- _Dataset_
• • • • •

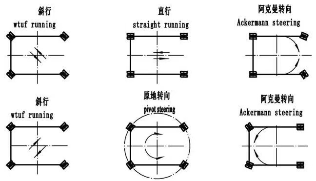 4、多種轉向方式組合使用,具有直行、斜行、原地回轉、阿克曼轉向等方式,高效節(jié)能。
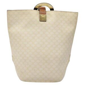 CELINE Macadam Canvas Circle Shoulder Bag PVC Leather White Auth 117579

• • • • •

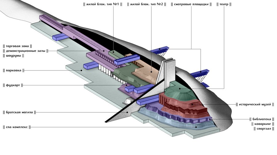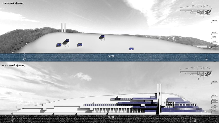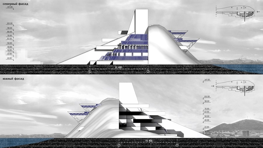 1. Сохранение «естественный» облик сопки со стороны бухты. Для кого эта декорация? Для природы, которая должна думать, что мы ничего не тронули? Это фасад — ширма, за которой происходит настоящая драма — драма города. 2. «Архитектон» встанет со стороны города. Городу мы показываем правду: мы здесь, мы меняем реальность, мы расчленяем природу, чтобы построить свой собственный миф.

• • • • •

From the records above, transcribe exactly the lines starting at the one containing "4、多種轉向方式組合使用,具" and ending at the one containing "CELINE Macadam Canvas". Skip the pictures.

 4、多種轉向方式組合使用,具有直行、斜行、原地回轉、阿克曼轉向等方式,高效節(jié)能。
 CELINE Macadam Canvas Circle Shoulder Bag PVC Leather White Auth 117579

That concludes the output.